▶ Work instructions: Using the data below, print exactly the line with "Estatueta de resina", the line with "На Крещатике участники", and every line between them, but none of the pictures.

▶ Supplied data:
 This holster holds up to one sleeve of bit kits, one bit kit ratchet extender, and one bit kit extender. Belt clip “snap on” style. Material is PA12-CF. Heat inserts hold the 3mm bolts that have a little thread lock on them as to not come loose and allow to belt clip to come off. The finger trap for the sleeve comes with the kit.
* * *
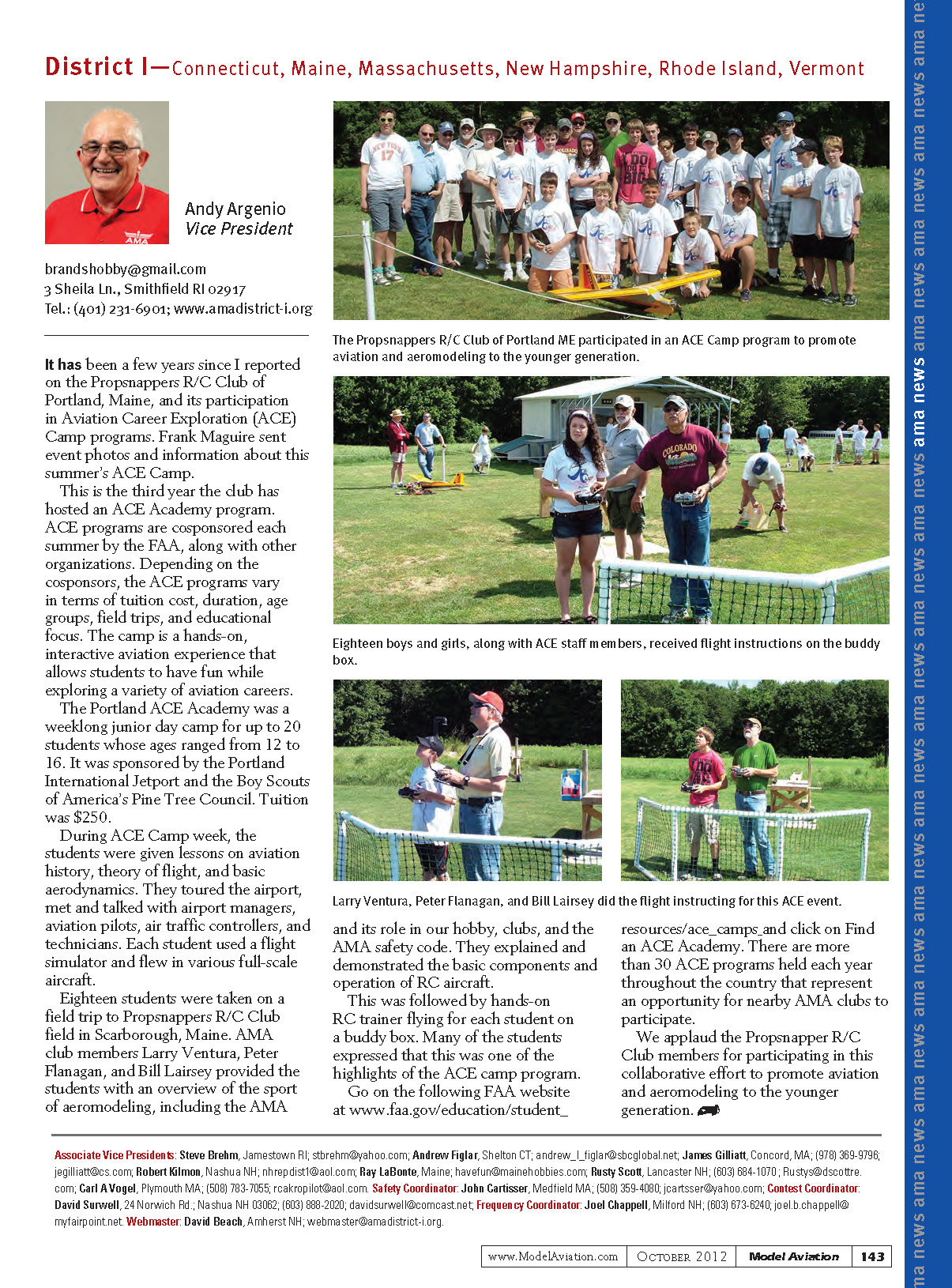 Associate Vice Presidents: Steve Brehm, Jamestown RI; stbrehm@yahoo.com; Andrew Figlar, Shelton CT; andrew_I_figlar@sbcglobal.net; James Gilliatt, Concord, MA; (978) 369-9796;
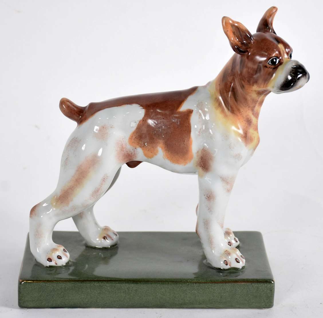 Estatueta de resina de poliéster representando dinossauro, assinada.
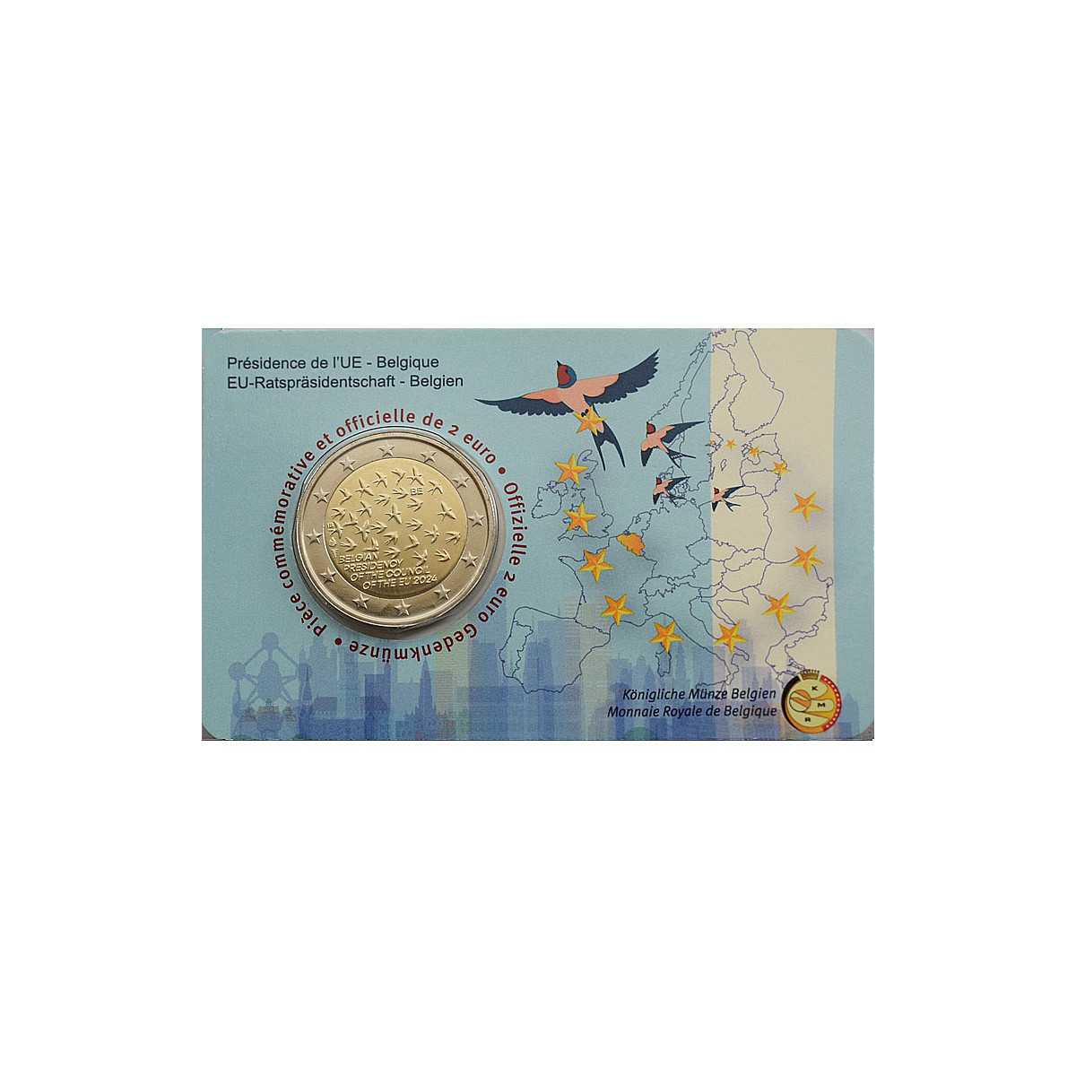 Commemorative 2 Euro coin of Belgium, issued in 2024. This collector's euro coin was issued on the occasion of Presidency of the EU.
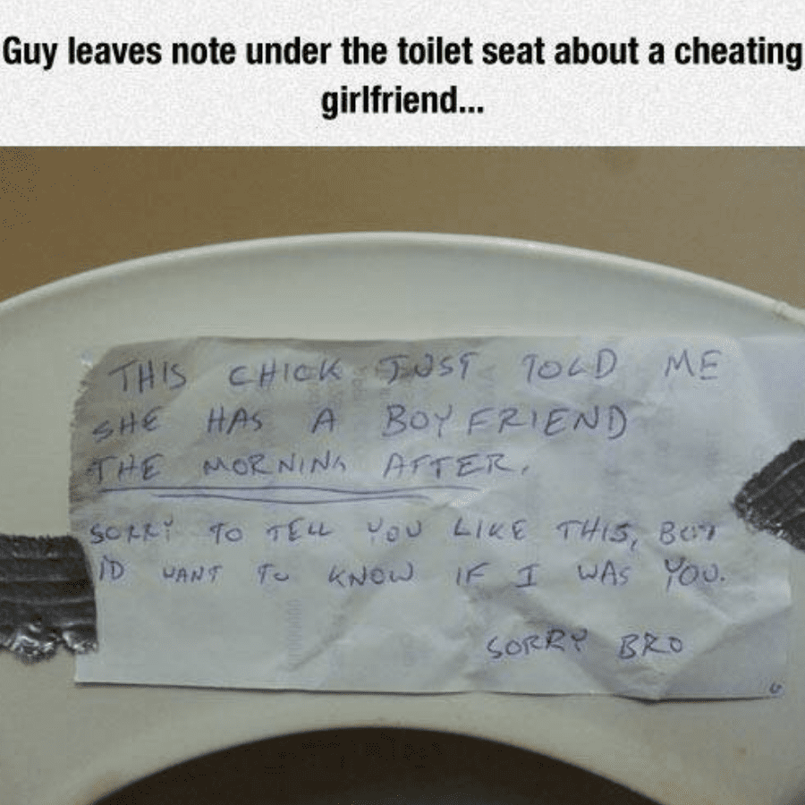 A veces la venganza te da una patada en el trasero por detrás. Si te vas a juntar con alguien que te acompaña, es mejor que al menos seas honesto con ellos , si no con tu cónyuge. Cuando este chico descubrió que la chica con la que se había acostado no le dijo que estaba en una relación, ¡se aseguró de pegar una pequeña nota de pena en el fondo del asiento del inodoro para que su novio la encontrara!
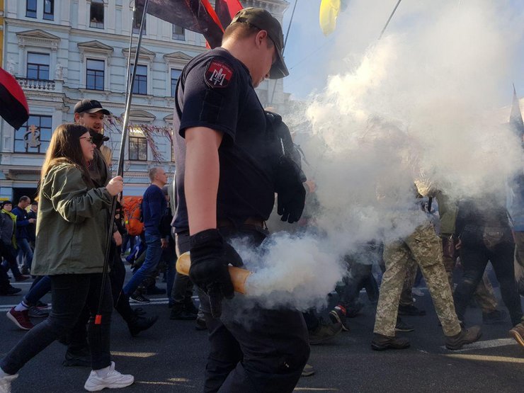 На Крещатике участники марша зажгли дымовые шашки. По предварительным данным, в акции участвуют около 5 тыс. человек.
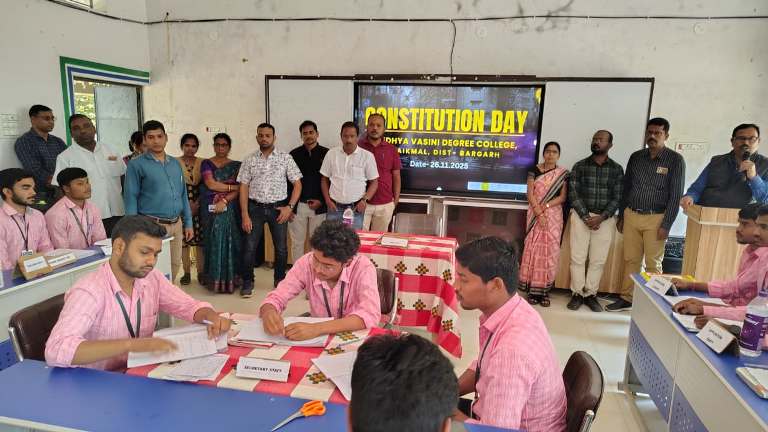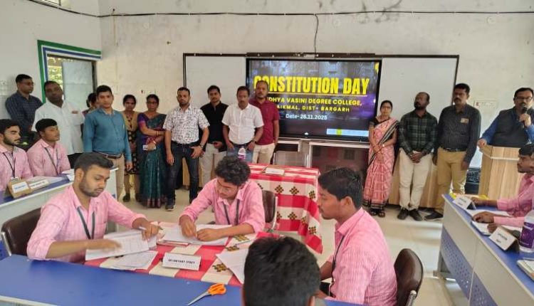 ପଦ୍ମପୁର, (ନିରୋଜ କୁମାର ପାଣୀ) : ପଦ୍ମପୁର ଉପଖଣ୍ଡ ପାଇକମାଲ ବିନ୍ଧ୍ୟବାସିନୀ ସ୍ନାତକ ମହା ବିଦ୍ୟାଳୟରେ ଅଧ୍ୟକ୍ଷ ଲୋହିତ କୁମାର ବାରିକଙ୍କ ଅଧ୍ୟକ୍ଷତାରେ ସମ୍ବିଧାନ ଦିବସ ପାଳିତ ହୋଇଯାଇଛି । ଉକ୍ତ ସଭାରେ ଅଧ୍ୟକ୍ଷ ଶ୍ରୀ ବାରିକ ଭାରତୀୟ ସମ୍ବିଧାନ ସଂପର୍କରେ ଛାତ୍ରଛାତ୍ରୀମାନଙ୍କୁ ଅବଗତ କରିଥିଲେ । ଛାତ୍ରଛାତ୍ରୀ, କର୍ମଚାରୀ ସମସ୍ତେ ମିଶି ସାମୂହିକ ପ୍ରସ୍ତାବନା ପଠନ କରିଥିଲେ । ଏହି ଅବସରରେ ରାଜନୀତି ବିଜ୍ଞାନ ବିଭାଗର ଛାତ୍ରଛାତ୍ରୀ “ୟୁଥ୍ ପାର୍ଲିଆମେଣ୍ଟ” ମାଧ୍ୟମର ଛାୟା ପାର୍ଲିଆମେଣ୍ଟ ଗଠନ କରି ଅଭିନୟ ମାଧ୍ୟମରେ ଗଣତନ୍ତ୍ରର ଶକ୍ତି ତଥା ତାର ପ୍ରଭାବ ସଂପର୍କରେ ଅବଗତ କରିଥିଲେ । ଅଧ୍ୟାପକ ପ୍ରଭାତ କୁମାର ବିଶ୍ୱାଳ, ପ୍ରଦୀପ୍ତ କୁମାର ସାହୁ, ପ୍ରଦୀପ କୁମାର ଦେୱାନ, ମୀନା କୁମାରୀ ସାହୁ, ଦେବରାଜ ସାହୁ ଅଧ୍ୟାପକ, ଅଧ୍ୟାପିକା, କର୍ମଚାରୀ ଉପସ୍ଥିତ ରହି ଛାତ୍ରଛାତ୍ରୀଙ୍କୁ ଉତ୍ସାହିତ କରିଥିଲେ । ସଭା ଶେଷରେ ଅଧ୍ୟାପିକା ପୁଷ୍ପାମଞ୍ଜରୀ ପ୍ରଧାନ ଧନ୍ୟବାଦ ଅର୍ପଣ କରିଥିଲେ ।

▶ Response for this exercise:
 Estatueta de resina de poliéster representando dinossauro, assinada.
 Commemorative 2 Euro coin of Belgium, issued in 2024. This collector's euro coin was issued on the occasion of Presidency of the EU.
 A veces la venganza te da una patada en el trasero por detrás. Si te vas a juntar con alguien que te acompaña, es mejor que al menos seas honesto con ellos , si no con tu cónyuge. Cuando este chico descubrió que la chica con la que se había acostado no le dijo que estaba en una relación, ¡se aseguró de pegar una pequeña nota de pena en el fondo del asiento del inodoro para que su novio la encontrara!
 На Крещатике участники марша зажгли дымовые шашки. По предварительным данным, в акции участвуют около 5 тыс. человек.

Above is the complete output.